Blazing a trail in her sector
It has been just over 30 years of service for this engineering trailblazer.
From starting out as a training engineering technician in 1980s, Prof Lize Theron has come a long way in a male dominated industry.
For several years she was the only female lecturer and the first person to do it with a PhD in the civil engineering department at the Central University of Technology. If this does not set her apart then nothing does.
Today she is one of few women in the faculty –a good sign for the institution and the sector.
She is also a conduit for postgraduate students wanting to follow her path having supervised a total of 15 students at varying levels of qualification.
She is also the lead of the Soil Mechanics Research Group, which assess or investigate foundation problems, especially in RDP houses, due to heaving clays in the Free State. It is for this research project that for there years in a row, Prof Theron received the J.E. Jennings award from the Geotechnical Division of the South African Institution of Civil Engineering between 2017 and 2019.
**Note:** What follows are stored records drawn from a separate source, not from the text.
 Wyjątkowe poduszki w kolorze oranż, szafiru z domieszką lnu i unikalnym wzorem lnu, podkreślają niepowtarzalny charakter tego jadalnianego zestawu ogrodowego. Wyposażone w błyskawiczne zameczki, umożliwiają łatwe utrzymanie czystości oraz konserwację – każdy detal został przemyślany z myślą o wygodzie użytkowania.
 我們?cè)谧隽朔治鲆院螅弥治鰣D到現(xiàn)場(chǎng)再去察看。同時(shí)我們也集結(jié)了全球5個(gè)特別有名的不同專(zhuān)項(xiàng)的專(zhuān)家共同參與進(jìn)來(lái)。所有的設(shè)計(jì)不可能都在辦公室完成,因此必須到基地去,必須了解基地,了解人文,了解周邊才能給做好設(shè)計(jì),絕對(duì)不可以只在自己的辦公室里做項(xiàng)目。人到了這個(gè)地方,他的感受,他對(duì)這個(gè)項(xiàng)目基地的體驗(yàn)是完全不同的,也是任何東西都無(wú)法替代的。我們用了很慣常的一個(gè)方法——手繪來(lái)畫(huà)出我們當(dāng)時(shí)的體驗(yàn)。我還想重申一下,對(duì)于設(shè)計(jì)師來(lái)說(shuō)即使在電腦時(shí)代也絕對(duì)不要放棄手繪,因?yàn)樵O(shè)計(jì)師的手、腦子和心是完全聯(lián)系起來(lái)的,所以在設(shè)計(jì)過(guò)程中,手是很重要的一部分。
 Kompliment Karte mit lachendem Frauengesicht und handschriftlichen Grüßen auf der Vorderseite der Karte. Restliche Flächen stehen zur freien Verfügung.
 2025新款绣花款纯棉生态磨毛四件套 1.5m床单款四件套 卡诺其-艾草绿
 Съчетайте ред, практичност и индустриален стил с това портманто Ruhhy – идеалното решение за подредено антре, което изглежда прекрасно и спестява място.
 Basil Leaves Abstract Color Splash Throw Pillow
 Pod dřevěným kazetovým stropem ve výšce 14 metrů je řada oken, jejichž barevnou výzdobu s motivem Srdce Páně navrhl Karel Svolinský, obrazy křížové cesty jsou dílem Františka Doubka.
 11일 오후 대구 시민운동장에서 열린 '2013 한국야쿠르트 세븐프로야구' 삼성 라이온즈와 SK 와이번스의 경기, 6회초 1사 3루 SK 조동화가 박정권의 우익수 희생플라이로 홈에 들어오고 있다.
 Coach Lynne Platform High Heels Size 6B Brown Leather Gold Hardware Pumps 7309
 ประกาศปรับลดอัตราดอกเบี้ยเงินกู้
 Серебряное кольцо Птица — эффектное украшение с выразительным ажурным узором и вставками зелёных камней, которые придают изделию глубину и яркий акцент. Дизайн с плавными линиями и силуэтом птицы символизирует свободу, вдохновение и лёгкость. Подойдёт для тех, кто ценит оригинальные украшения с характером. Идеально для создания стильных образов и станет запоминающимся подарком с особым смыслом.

A feat achieved by no one else.
“What a few people know about me is that I was one of the first group of students to enrol for the civil engineering diploma at the then TFS (Technikon Free State). I was also part of the first group to obtain my diploma and national higher dip. After I joined CUT I was first to obtain a MTech, as well the first lecturer with a PhD, only female lecturer in civil engineering department for about 20years,” she says.
But this is not her highest honours; the awards she has received over the years are the actual accolades of her contribution to the industry.